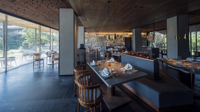 酒店由场地中原有的5栋旧建筑改造而来。如何以生态性最优的方式满足现代酒店的使用需求是建筑师面临的挑战。经过大量的现场调研,建筑师以极小规模的介入完成了结构改造和综合系统布局,使建筑与周边的林木、水系的关系得以延续。
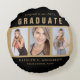 Black and Gold Graduation Photo Collage Custom Round Cushion
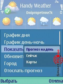 Программа Handy Weather представляет собой утилиту, с помощью которой Вы сможете получить самый полный и актуальный прогноз погоды на 5 дней вперед, в любом месте и в любое время, от ведущего международного метеорологического агентства Intellicast. Приложение имеет следующий ряд особенностей: пятидневный прогноз погоды, подробный дневной
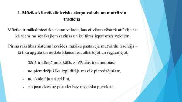 1. Mūzika kā mākslinieciska skaņu valoda un mutvārdu tradīcija
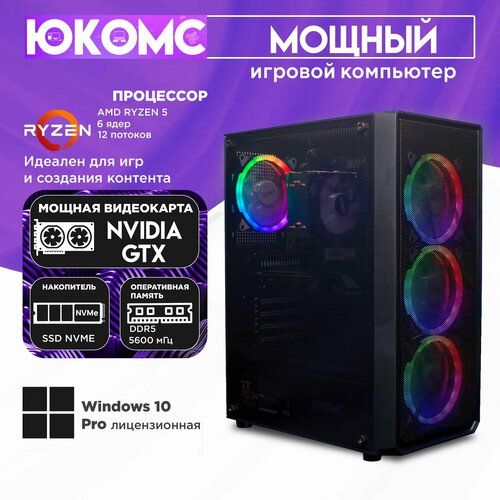 НАЙТИ ВЫГОДНЕЕ - Игровой PC юкомс Ryzen 5 7500F, GTX 1650 Super 4GB, SSD 120GB, 16GB DDR5, БП 450W, win 10 pro, Black game case
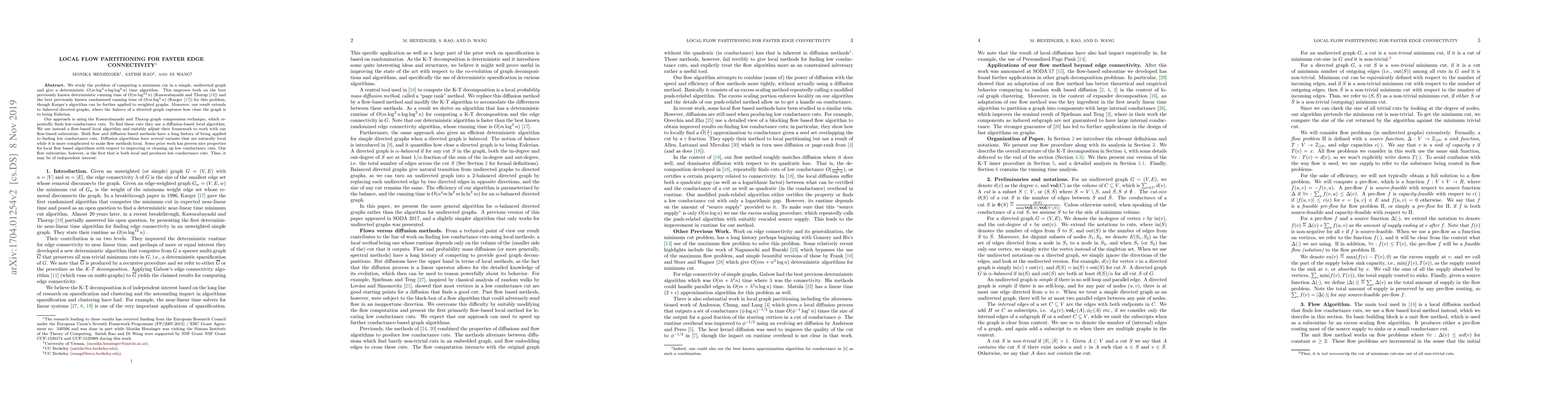 We study the problem of computing a minimum cut in a simple, undirected graph and give a deterministic $O(m \log^2 n \log\log^2 n)$ time algorithm. This improves both on the best previously known deterministic running time of $O(m \log^{12} n)$ (Kawarabayashi and Thorup, STOC 2015) and the best previously known randomized running time of $O(m \log^{3} n)$ (Karger, J.ACM 2000) for this problem, though Karger's algorithm can be further applied to weighted graphs. Moreover, our result extends to balanced directed graphs, where the balance of a directed graph captures how close the graph is to being Eulerian. Our approach is using the Kawarabayashi and Thorup graph compression technique, which repeatedly finds low-conductance cuts. To find these cuts they use a diffusion-based local algorithm. We use instead a flow-based local algorithm and suitably adjust their framework to work with our flow-based subroutine. Both flow and diffusion based methods have a long history of being applied to finding low conductance cuts. Diffusion algorithms have several variants that are naturally local while it is more complicated to make flow methods local. Some prior work has proven nice properties for local flow based algorithms with respect to improving or cleaning up low conductance cuts. Our flow subroutine, however, is the first that is both local and produces low conductance cuts. Thus, it may be of independent interest.
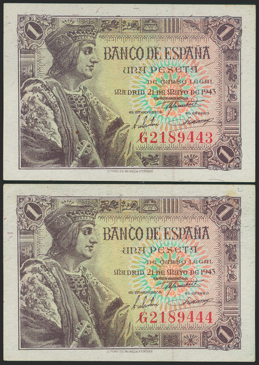 1 Peseta. 21 de Mayo de 1943. Pareja correlativa. Serie G. (Edifil 2021: 447a). Apresto original. SC/SC-.
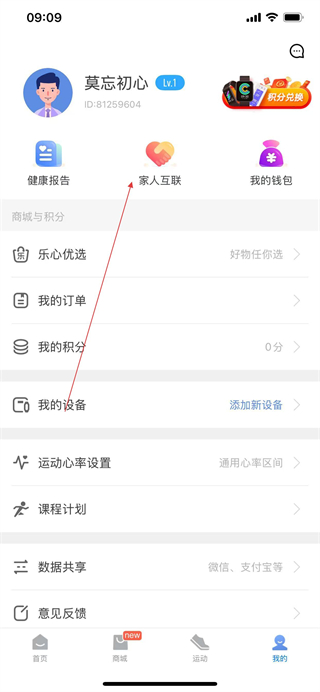 2、在我的頁面,點擊家人互聯(lián)選項。
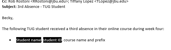 - If a JBU Online student has received an absence, send the student a notification via the Ally Alert System
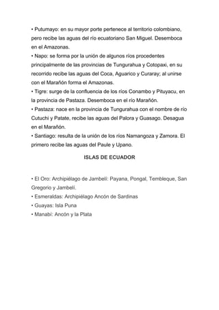 Este documento describe los principales ríos de Ecuador que desembocan en el Océano Pacífico y la cuenca del Amazonas, así como algunas islas notables. Los ríos del Pacífico incluyen el Chota, Esmeraldas, Guayas, Cañar, Jubones y Macará. Los ríos de la cuenca amazónica son el Putumayo, Napo, Tigre, Pastaza y Santiago. También menciona brevemente algunos archipiélagos e islas como Jambelí, Ancón de Sardinas, Isl
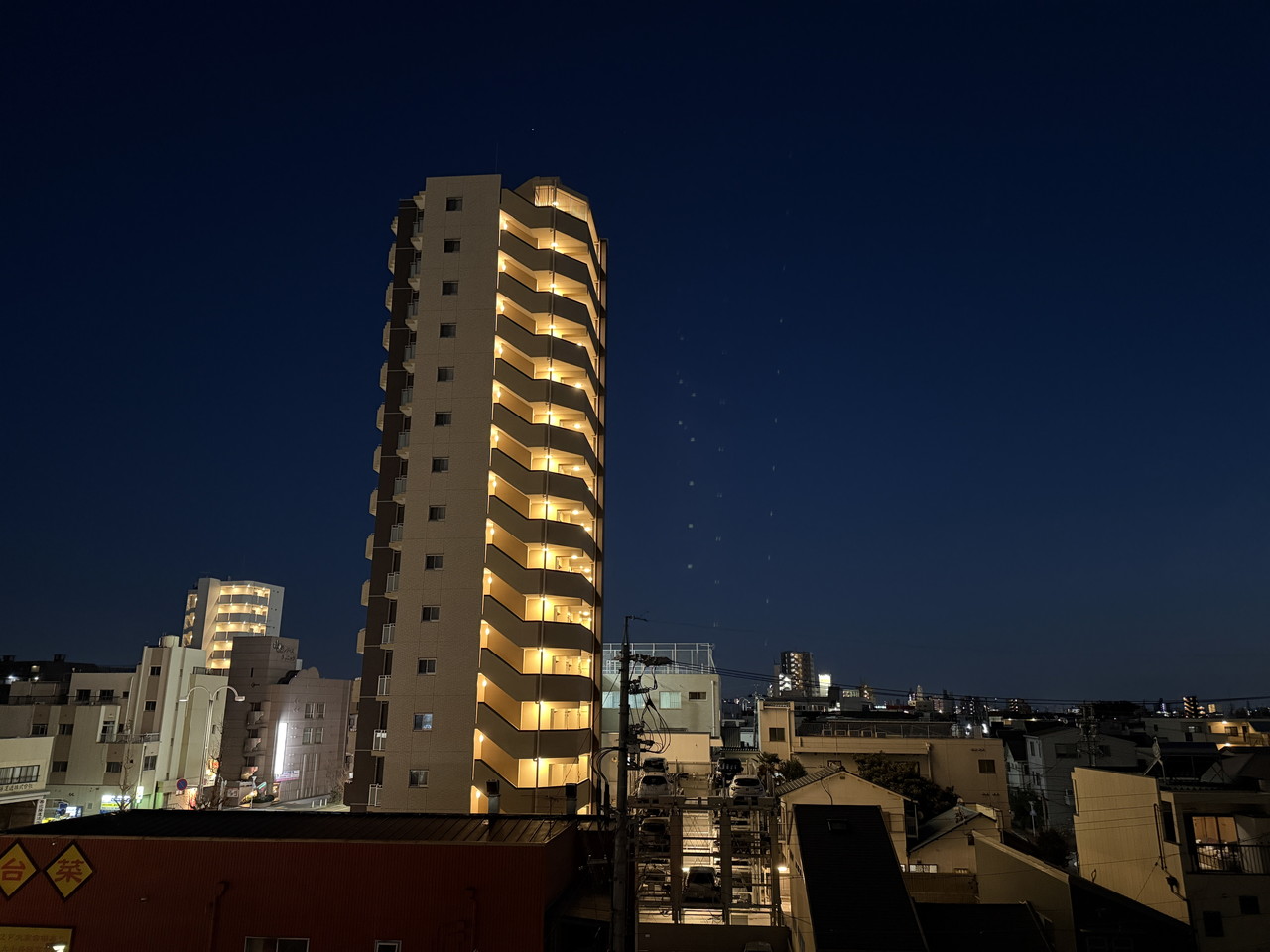 また、夜間の屋外を撮影した際の写真について、「iPhone 16 Pro」で撮影したものと比較してみた。

==================================================

» WORK ORDER:
The required result is an exact copy of the lines from the line containing "Este documento describe" through the end of the entries, with every picture left out.

» WRITTEN SOLUTION:
 Este documento describe los principales ríos de Ecuador que desembocan en el Océano Pacífico y la cuenca del Amazonas, así como algunas islas notables. Los ríos del Pacífico incluyen el Chota, Esmeraldas, Guayas, Cañar, Jubones y Macará. Los ríos de la cuenca amazónica son el Putumayo, Napo, Tigre, Pastaza y Santiago. También menciona brevemente algunos archipiélagos e islas como Jambelí, Ancón de Sardinas, Isl
 また、夜間の屋外を撮影した際の写真について、「iPhone 16 Pro」で撮影したものと比較してみた。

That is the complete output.